When asked, Riudavets attributed his longevity to a life of moderation.

Riudavets died at the age of 114 years, 81 days after having a cold for a few days. He was survived by two younger half-brothers: Pere, who died in 2006 at the age of 105, and Josep, who died in 2009 at the age of 102. At the time of his death, Riudavets was believed to be the oldest Spanish person ever. However, subsequent research by the International Database on Longevity has revealed that two women had been older than Riudavets at the time of their deaths. He became the oldest recognized living person in Europe following Maria Teresa Fumarola Ligorio's death on 14 May 2003, and oldest recognized living man in the world following Yukichi Chuganji's death on 28 September 2003. After Riudavets' death, Fred Harold Hale became the world's oldest man.

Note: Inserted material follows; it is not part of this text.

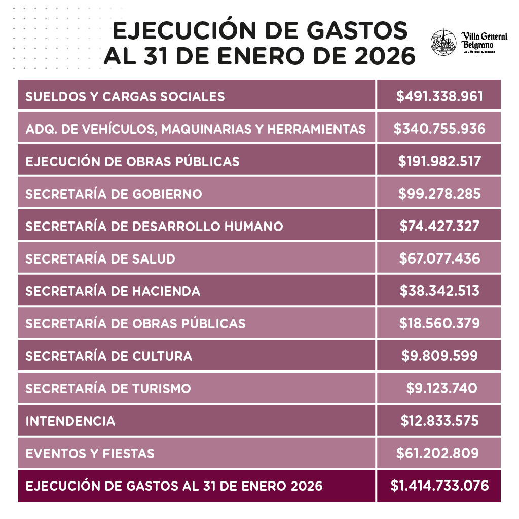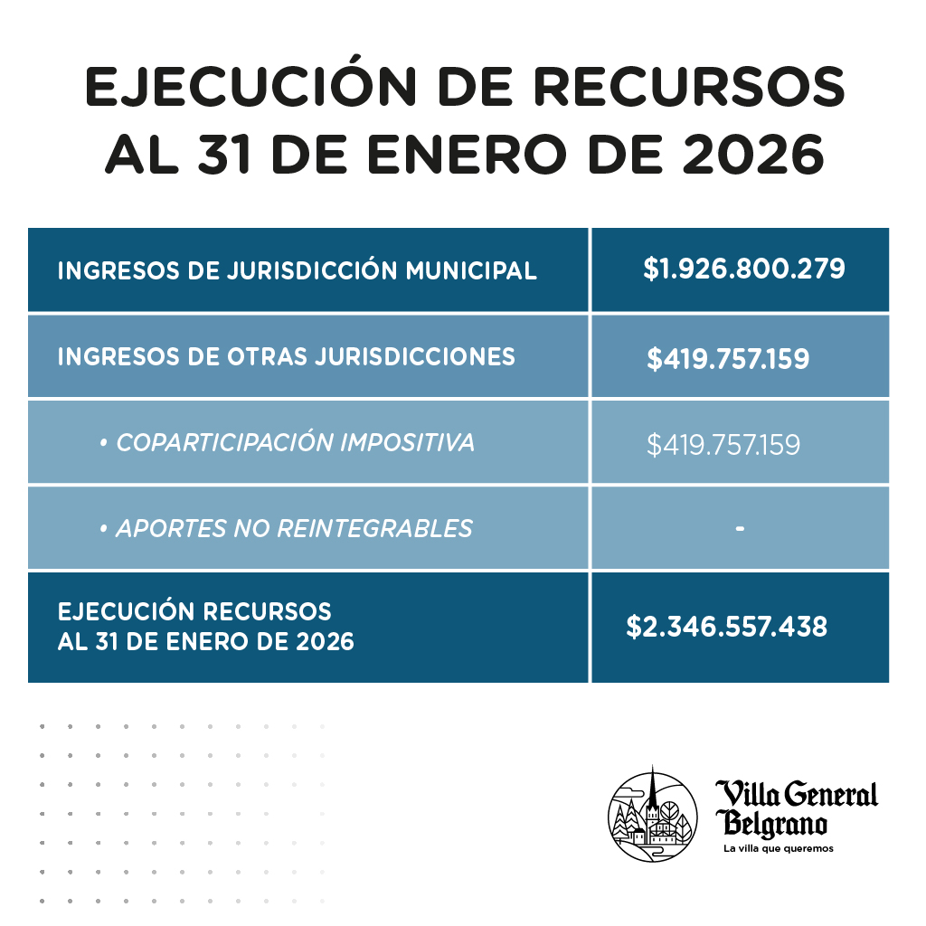 presentamos el Informe de Ejecución Presupuestaria de recursos y gastos al 31/01/2026.

=== Ana María Vela Rubio ===
Ana María Vela Rubio (29 October 1901 – 15 December 2017) was born in Puente Genil, Andalusia. She worked as a dressmaker in her youth. She never married her partner as her parents objected to him, but the two had several children. Her daughter, also named Ana, lived with her. Rubio became the oldest verified Spaniard ever on 6 June 2016, when she surpassed the age of María Antonia Castro who had died in 1996, aged 114 years, 220 days. She became the oldest living European upon the death of Emma Morano on 15 April 2017. She went on to live to 116 years and 47 days.

=== Francisco Núñez Olivera ===
Francisco Núñez Olivera (13 December 1904 – 29 January 2018) was born and lived his whole life in the village of Bienvenida in the Badajoz province of Extremadura. He fought in the Rif War and the Spanish Civil War. He was nicknamed "Marchena" after his resemblance to flamenco singer-songwriter/actor Pepe Marchena. His wife died in 1988, and he survived his two sons. In his later years as a pensioner, he lived with his elder daughter María Antonia. Olivera had his kidney removed when he was 90 and a cataract operation aged 98; he was otherwise in good health. He became the oldest living man after the death of Israel Kristal on August 11, 2017. Olivera lived to 113 years and 47 days. At the time of his death, he was the last surviving Spanish veteran of the Rif War and the oldest veteran of the Spanish Army.

=== Saturnino de la Fuente García ===
Saturnino de la Fuente García (11 February 1909 – 18 January 2022) was born in León. At the age of nine, he caught the Spanish flu. A passionate football fan, he co-founded his neighborhood's local team in 1927. He married Antonina Barrio Gutiérrez in 1933 and they had eight children, one of whom died as a child. In 1936 he was not drafted in the Civil War because of his height (1.50 m). A skilled craftsman, he would go on to establish a shoemaking business, eventually being commissioned to make boots for the army.

He became the oldest verified living man on 12 August 2021, following the death of Emilio Flores Marquez of Puerto Rico. He had 7 daughters, 14 grandchildren and 22 great-grandchildren. Upon his death in January 2022 at the age of 112 years and 341 days, Venezuelan supercentenarian Juan Vicente Pérez became the world's oldest man.